POUR CES MOTIFS, LE TRIBUNAL D’ARBITRAGE :
[29] ACCUEILLE la demande de la demanderesse.
[30] AUTORISE la demande d’amendement de la demanderesse telle que présentée par la demande d’arbitrage réamendée et la demande d’arbitrage réamendée rectifiée à être présentée suivant les termes exposés plus haut.

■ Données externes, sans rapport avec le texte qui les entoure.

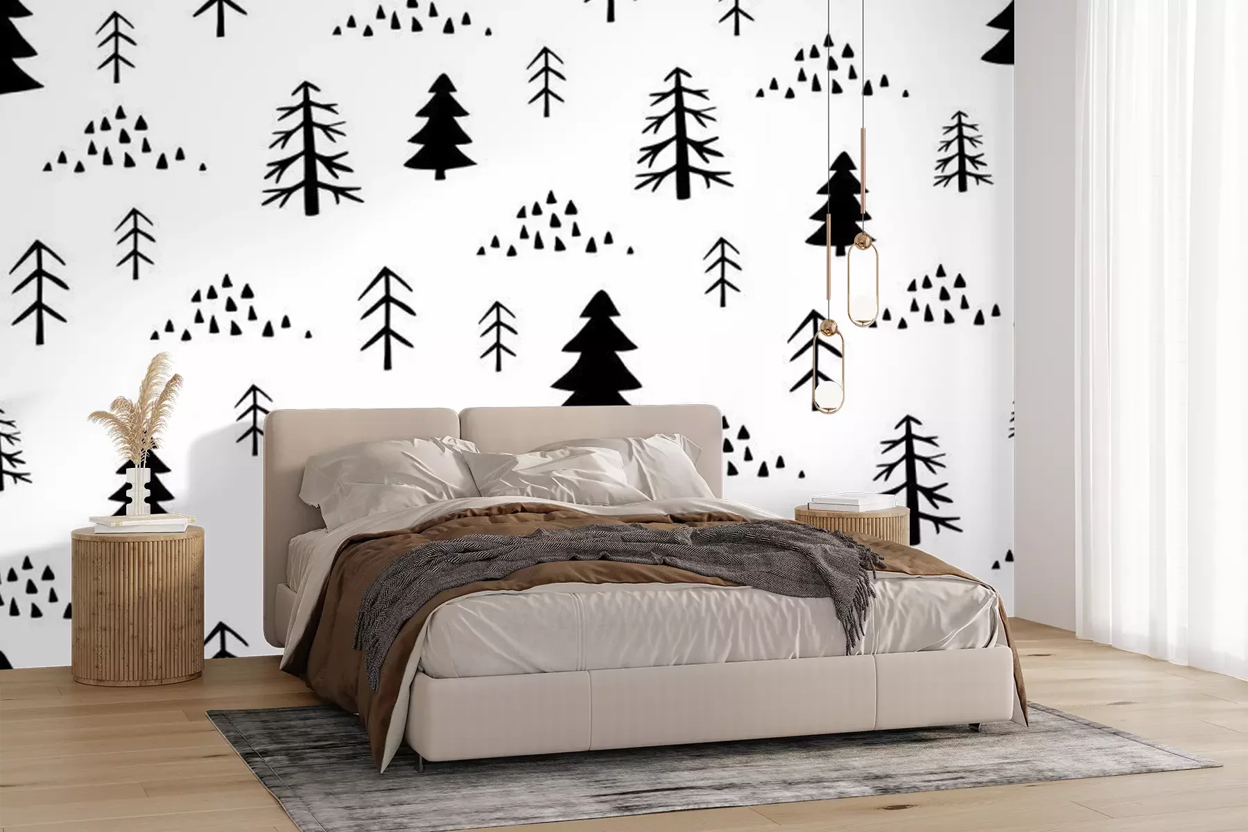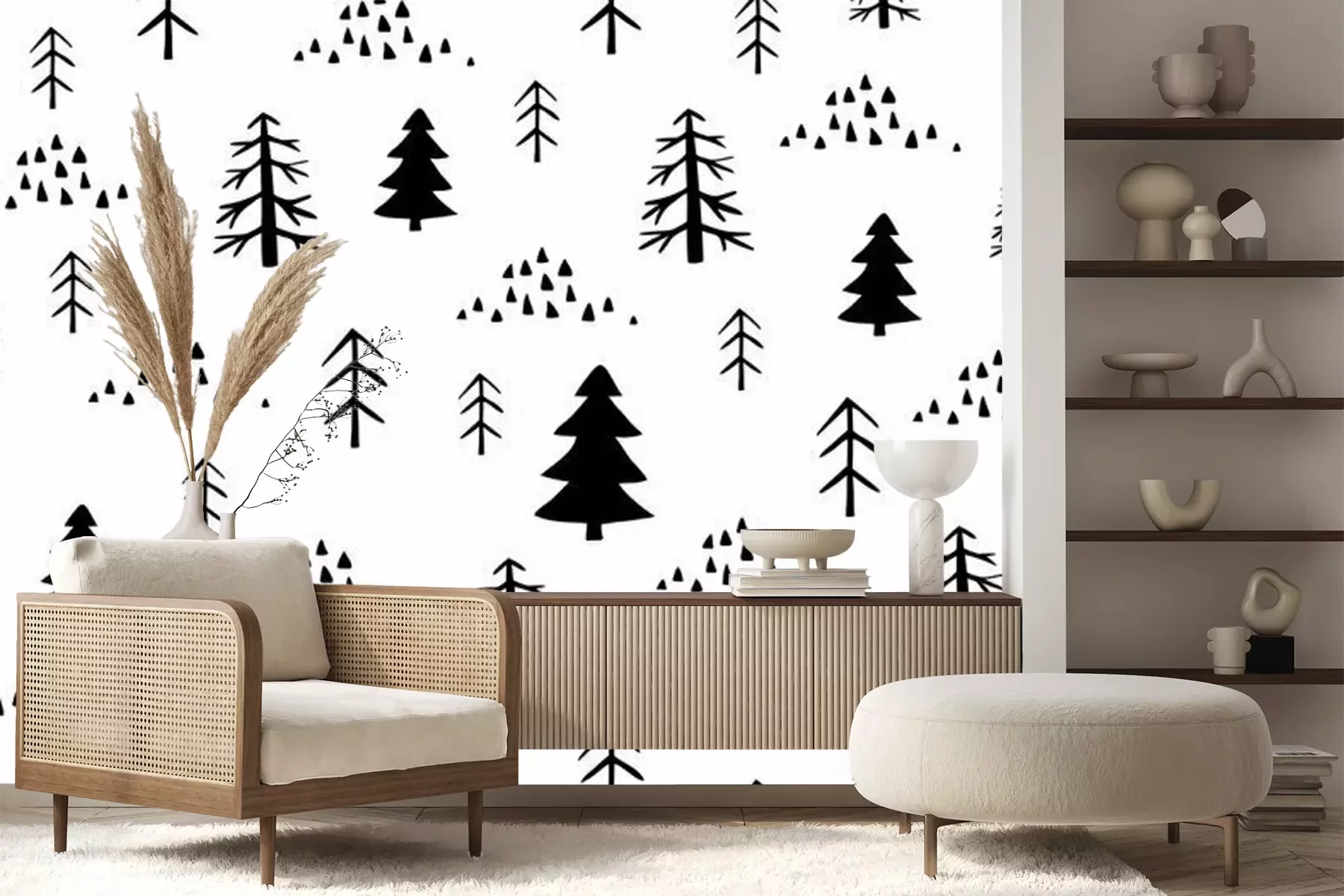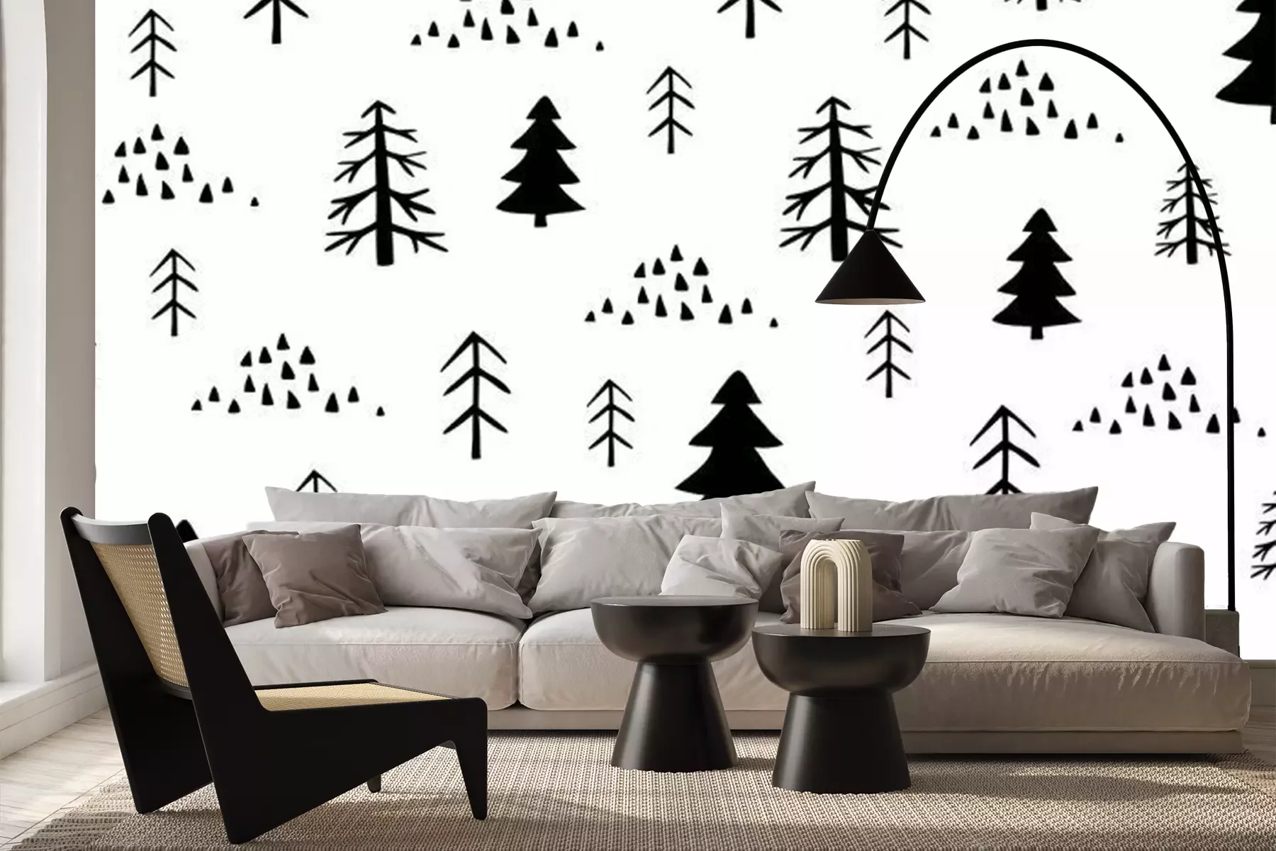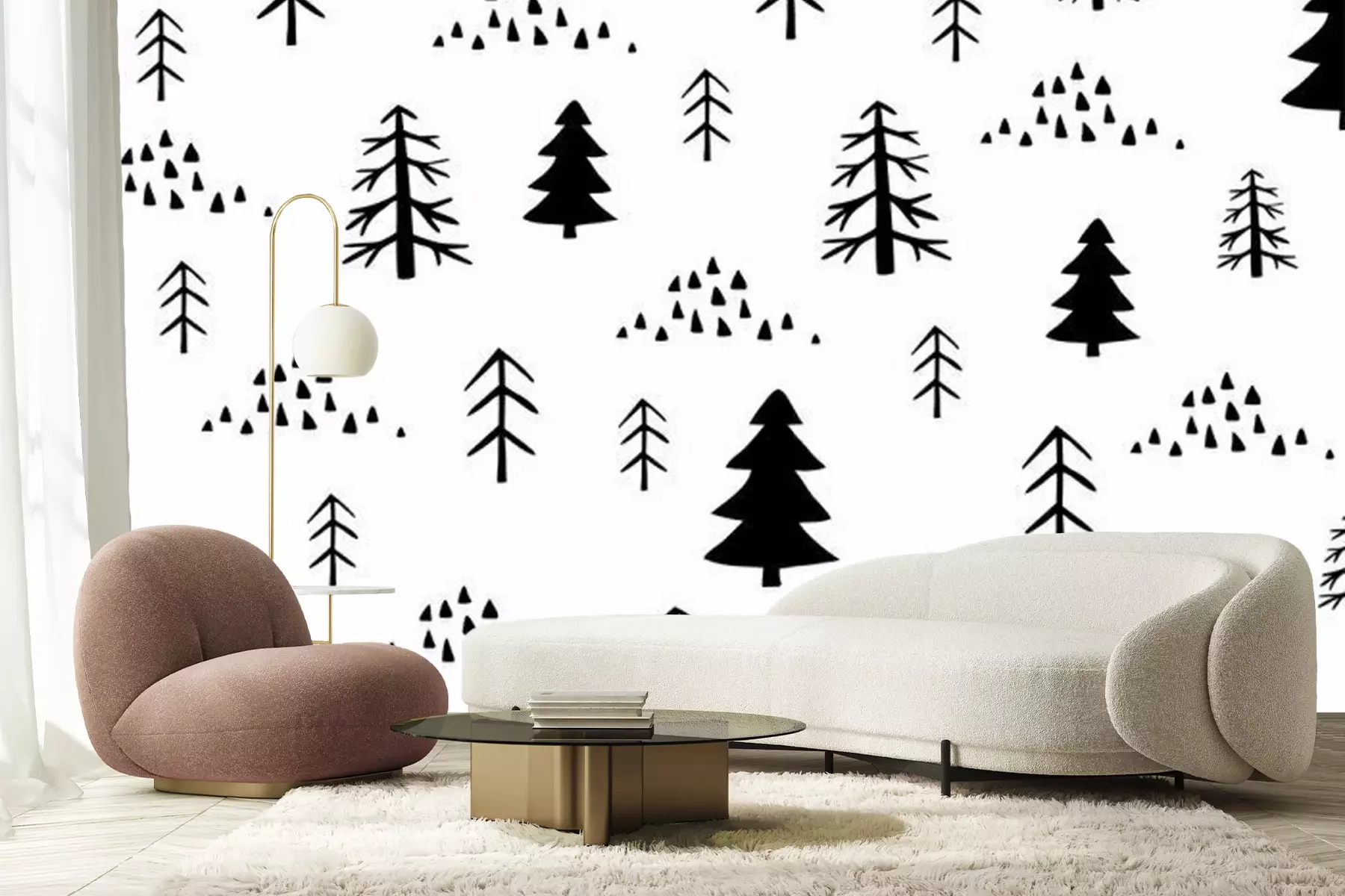 Fotobehang Wild bos naadloos patroon in Skandinavische stijl
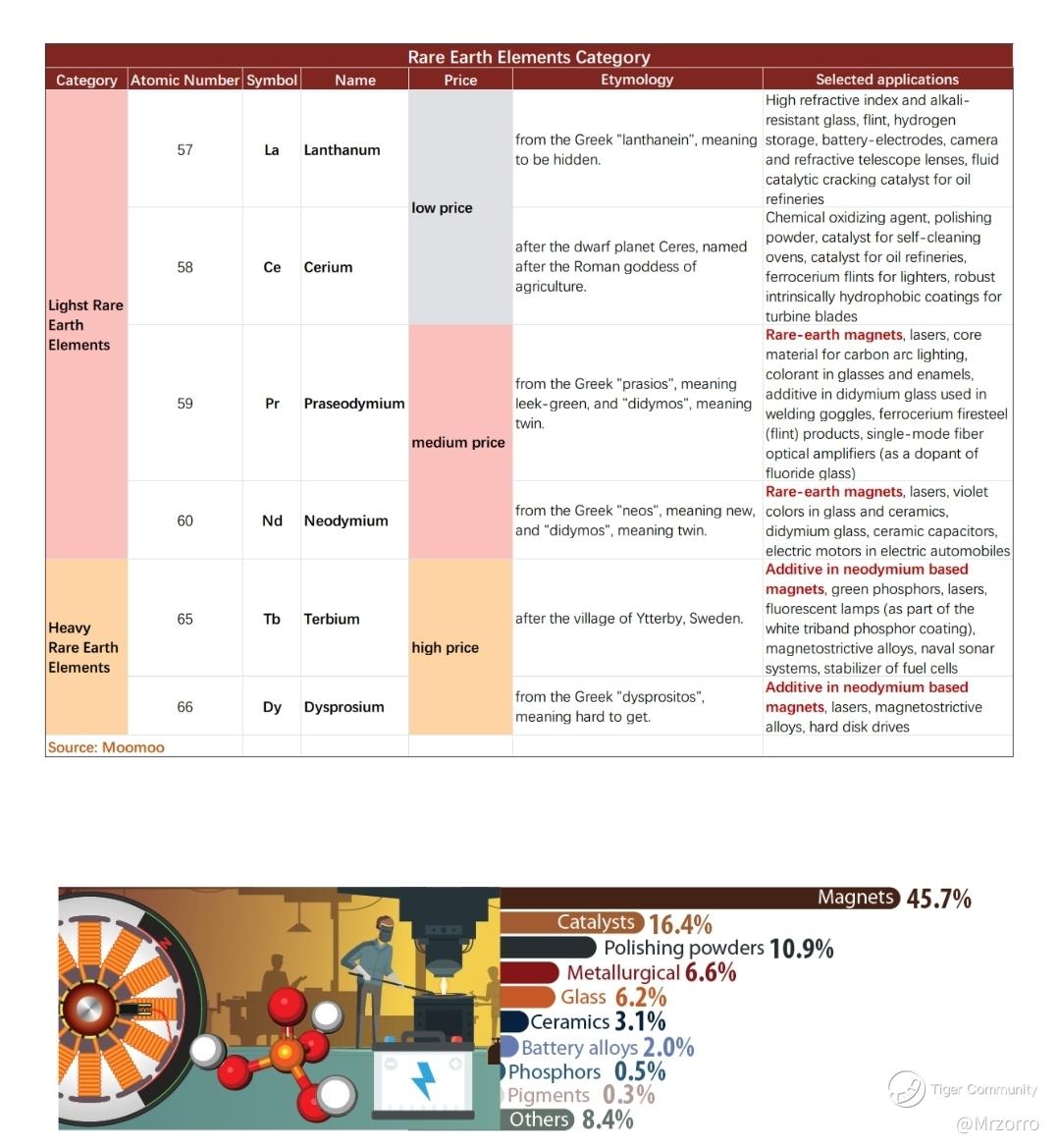 Rare earths refer to 17 elements on the periodic table whose atomic structure gives them special magnetic properties. Commonly used in manufacturing, inexpensive light rare earth elements such as lanthanum and cerium; relatively expensive light rare earths such as praseodymium and neodymium; and costly heavy rare earths such as terbium and dysprosium are often used in magnetic materials. These elements are extensively used in electric vehicles, wind power equipment, nuclear reactors, and military weapons. From Apple iPhones to Tesla motors, rare earth elements are essential, thus their supply impacts the security of trillion-dollar stock market assets.

[31] LE TOUT frais à suivre suivant le sort de l’action.
(S) Robert Masson
Me ROBERT MASSON, ing., arb.
[1]Aéroterm de Montréal Inc. c. Banque Royale du Canada, (1998) R.J.Q. 990 (C.A.) ; Forage Mercier Inc. c. Société de construction maritime Voyageurs Ltée, REJB 98-07195 (C.A.) ; Tolhurst Oil Ltd c. Vincent, (1962) B.R. 948 ; Meyer c. National Drug Ltd, J. E. 86-36 (C.A.) ; Construction Sitag c. Vitrerie Vertech Inc., J.E. 95-903 (C.A.) ; Direct Motor Express Ltd c. Sinkovitch, (1969) B.R. 695 ; Shama Textiles Inc. c. Certain Undewriters at Lloyd’s, REJB 2000-20964 (C.A.).